The WHO representative was addressing health delegates and experts from Africa, in Nairobi during a meeting aimed at putting the health agenda at the centre of climate change.
“Health is the face of climate change, which has a voice. Every climate crisis is going to end up in some loss of life or something that affects lives,” she said.
She added, “It is important for us to start thinking about what resources we have on our own. It might not only be financial resources but could also be ideas and knowledge in the communities that we could tap into”.
Data by WHO and Africa CDC reveal adverse effects of climate change, namely agricultural disruptions and food insecurity, which are likely to cripple the healthcare system if action is not taken.

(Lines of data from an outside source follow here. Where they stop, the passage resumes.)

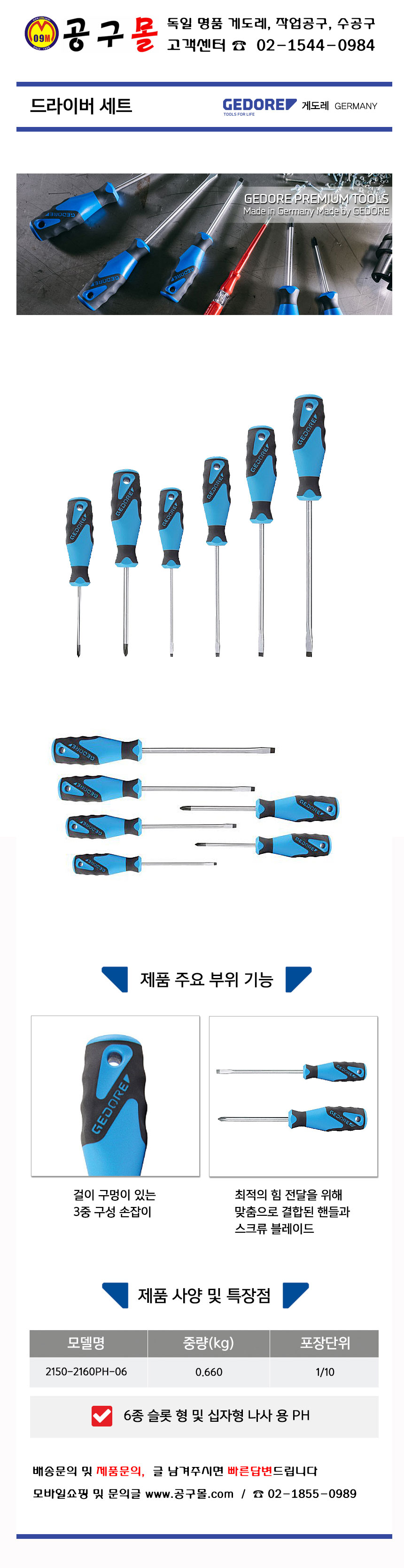 게도레 드라이버세트 2150-2160PH-06, (6종) GEDORE,공구몰,독일공구,101001205058
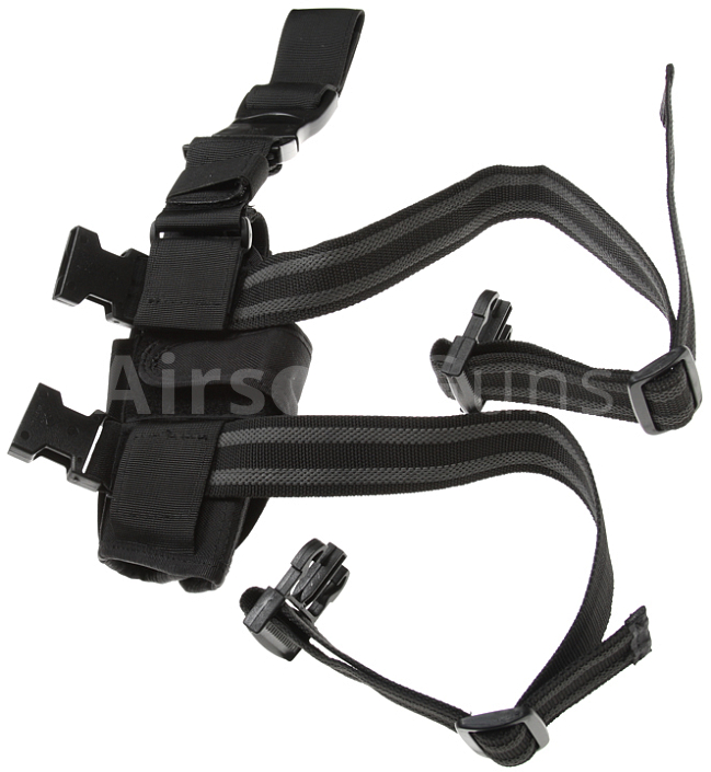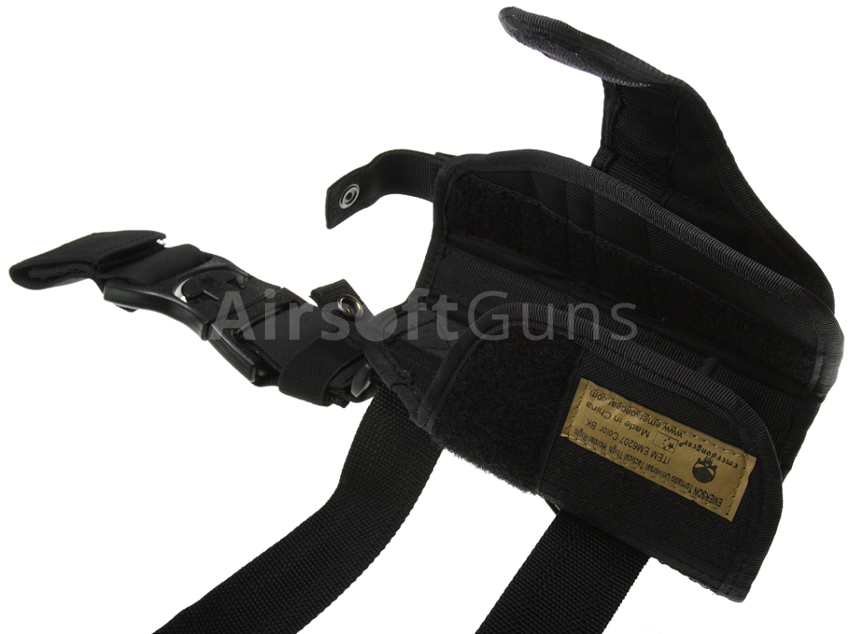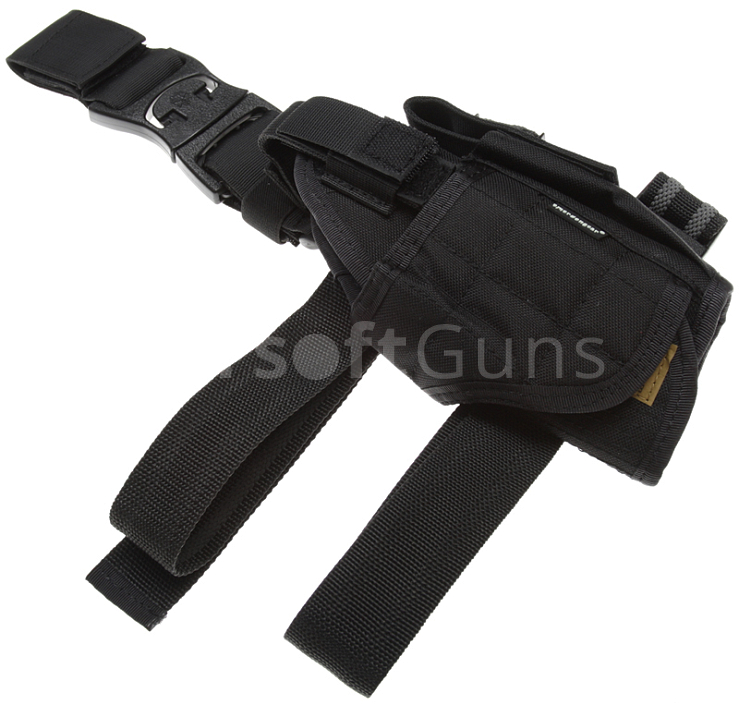 Universal tactical holster in black is designed to be worn on the right thigh or belt. The original product line from Emerson. Fixation is performed by means of adjustable velcro straps and tightening slings with rubber coating. By simply adjusting the velcro tabs can be set to a specific type of small or large pistol. Thoughtful cut allows carrying weapons with laser or tactical flashlight.
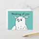 This postcard features a cute owl saying, "Thinking of You", against a blue green background. I drew this little owl in pen. See my store for more owl gifts.
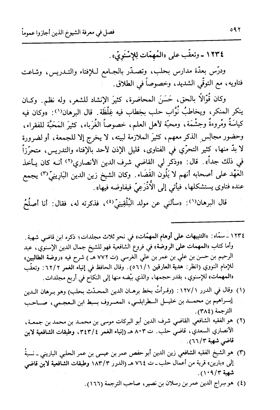 1234 - وتعقب على "المهمات للإسنوي". ودرس بعدة مدارس بحل وتصدر بالجامع للإفتاء والتدريس وشاعت فتاويه مع التوقي الشديد وخصوصاً في الطلاق. وكان قوالاً بالحق حسن المحاضرة كثير الإنشاد للشعر وله نظم. وكان ينكر المنكر ويخاطب نواب حلب بخطاب فيه غلظة. قال البرهان: "وكان فيه كياسة ومروءة وحشمة ومحبة لأهل العلم خصوصاً الغرباء كثير المحبة للفقراء وحضور مجالس الذكر معهم كثير المزمة لبيته لا يخرج إلا للجمعة أو لضرورة لا بد منها كثير التحري في الفتاوي قليل الإذن لأحد بلإقتاء والتدريس متحرزاً فى ذلك جداً". قال: "وذكر لي القاضي شرف الدين الانصاري أنه كان يأخذ العهد على أصحابه أنهم لا يلون القضاء. وكان الشيخ زين الدين الباريني يجمع عنده فتاوى يستكشهل فيأتي إلى الأذرعي فيفاوضه فيها". قال البرهان: "سألني عن مولد البلقيني فذكرته له فقال: أنا أصلُح
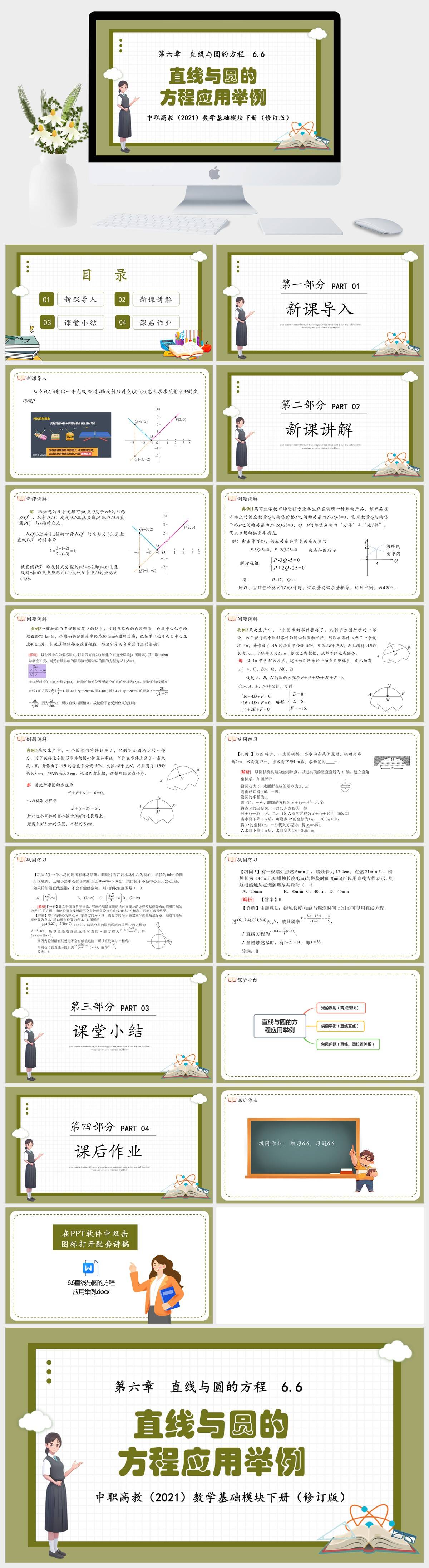 HKSX7571-中职高教(2021)数学基础模块下册(修订版)第六章 直线与圆的方程 6.6直线与圆的方程应用举例课件PPT模板
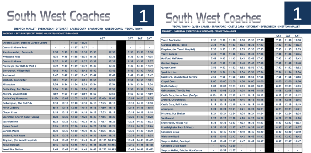 But, it’s an excellent initiative and great to see a community group actively getting involved to promote, organise and fund a new bus service. However, if an additional bus were to be funded it might be better deployed doubling the current two-hourly frequency on the section of route 1 between Castle Cary and Street to hourly and extend the route the four miles on to Glastonbury.
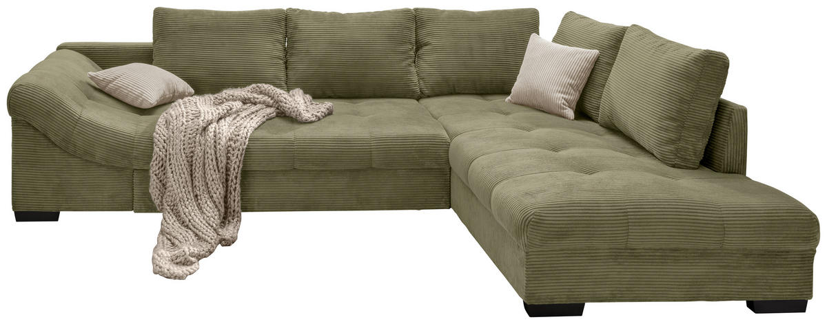 Helyezze magát kényelembe a nappaliban és pihenjen meg ezen az olívazöld MID.YOU sarokkanapén.
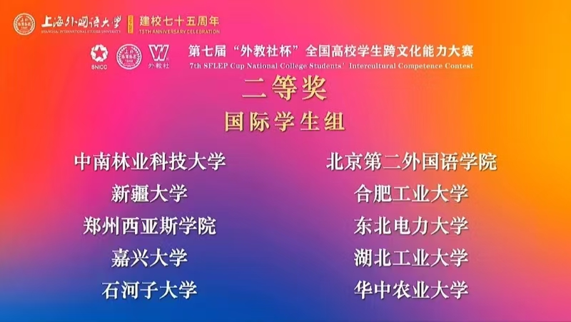 11月29日至12月1日,第七届“外研社杯”全国高校学生跨文化能力大赛总决赛在上海外国语大学圆满落幕。由米兰milan推荐的3名分别来自韩国、泰国和土库曼斯坦的留学生组成的代表队,经过激烈角逐,荣获全国二等奖。
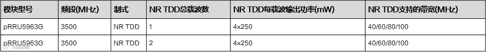 在5G RAN3.1版本规划中,将发布全新平台硬件,提高pRRU功率规格,能够在不减少发送通道数量的前提下实现4*250mW的射频输出,如下表所示pRRU5963G规格:
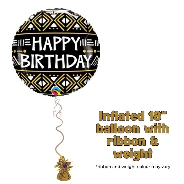 Celebrate And Decorate Your Birthday Parties With This Gold And Black Mud Cloth Print Happy Birthday Foil Balloon.
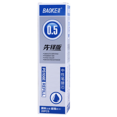 宝克(BAOKE) 子弹头通用中性笔芯 商务办公水笔替芯 学生考试水笔芯文具 PS106E 蓝色0.5mm(20支装)
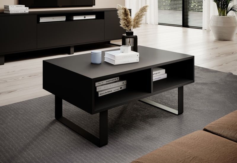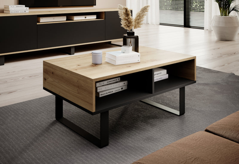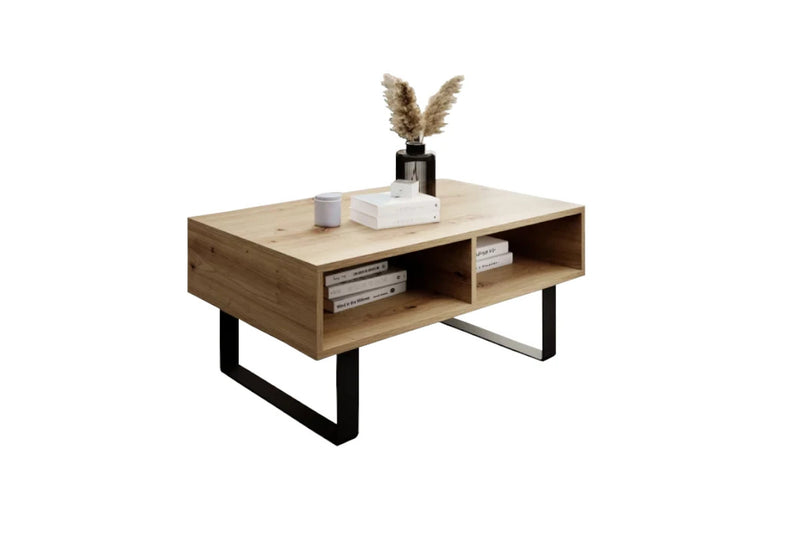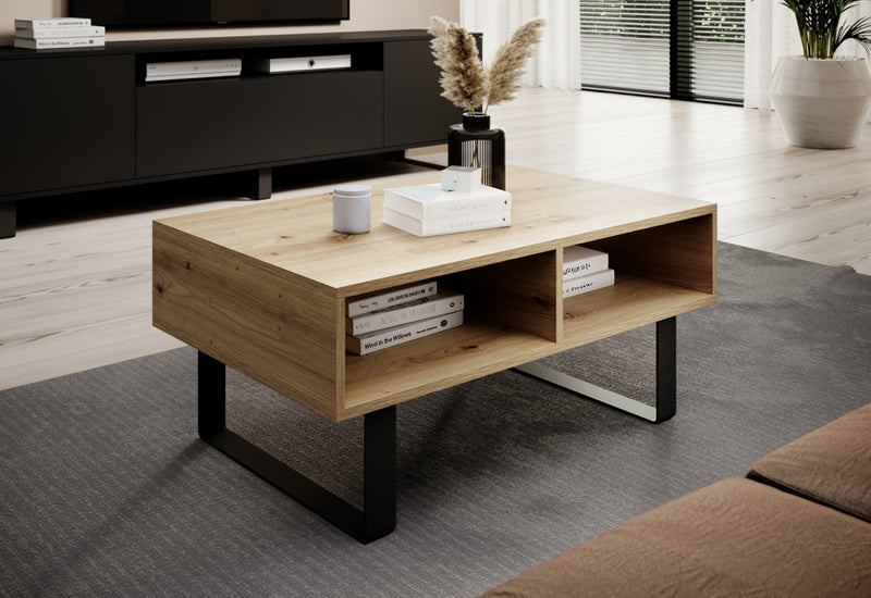 Konferenčný stolík GALA. Ponúka klasické prevedenie v modernom štýle. Vyrobený je z kvalitného materiálu s ABS hranou. Tá zaistí ochranu pred mechanickým poškodením a vlhkosťou. Horná priestranná odkladacia plocha je doplnená o otvorené police. Vďaka svojmu jednoduchému spracovaniu ho ľahko zladíte v interiéri. Elegantný vzhľad dodávajú stolíku vyššie kovové nožičky v čiernej farbe.

Some 178,672 cases of cholera have been detected in 17 African countries this year, according to data by Africa CDC, numbers which suppressed the annual totals from 2019 and 2022.
Five countries accounted for more than 50 per cent of the cases in 2023, namely Malawi, Mozambique, DRC, Ethiopia, and Somalia.
Early this year, WHO warned of a surge in mosquito-borne diseases resulting in increased cases of malaria and dengue fever-malaria being a leading killer disease in Kenya and Africa.
Malawi is among countries reporting cyclones and flooding as a result of climate change which has overwhelmed the health system according to its Health minister Dr Khumbize Kandodo Chiponda.
The country has reported at least 1,700 cholera deaths due to flooding caused by the cyclone. “It has been so difficult for us especially because of the cyclones in the Southern region, which we have had back-to-back since the Covid-19 pandemic. Cholera cases had not been witnessed in Malawi in the past 10 years,” she said.
According to Chipondo, African states should build their resilience to handle unpredicted health crises, adding that preparedness should include readiness to respond to crisis and emergencies.
Additionally, Africa CDC endorsed a one-health approach to address shared health threats at the human-animal-environment interface for a safer and healthier Africa.
One health approach is a transdisciplinary approach to making Africa safer and healthier for humans, animals, plants, and their shared environment.
In an interview with The Standard, Shadrack Gikonyo a health economist, at Strategic Purchasing Africa Resource Centre, said climate change is currently a major challenge in healthcare, particularly because it affects determinants of health.
Among the determinants affected include clean air, safe drinking water, food and secure shelter.
“It is estimated that between 2 and 4 billion dollars are used on direct health cost associated with climate change, globally, every year,” said Gikonyo, also a health economist.
With the developed world allocating over USD4,000 dollars per person annually on healthcare, Africa allocates below USD50, per person, Gikonyo stressed the need for African states to mitigate climate change.
For example, he observed that states can adopt better farming technologies to fight malnutrition in children. Malnutrition predisposes children to diseases like malaria and anaemia.
Wildfires can also be prevented through environment conservation policies, as they contribute to respiratory diseases like tuberculosis.
“Because climate change is here with us, we need to prevent the diseases, rather than spend more money on cures,” said Gikonyo.
For instance, the cost of protecting one person from malaria annually ranges from USD1.18 to USD5.7 to USD5.97 with chemical-based methods.
The cost of rapid diagnostic tests is USD6.06, and USD9.31, to USD89.93 per case treated depending on clinical severity.
Further, Gikonyo said Kenya and Africa risk losing gains made in the fight against the three top killer diseases -malaria, HIV and TB.
For instance, due to food insecurity caused by prolonged drought, HIV patients are not able to get nutritional support.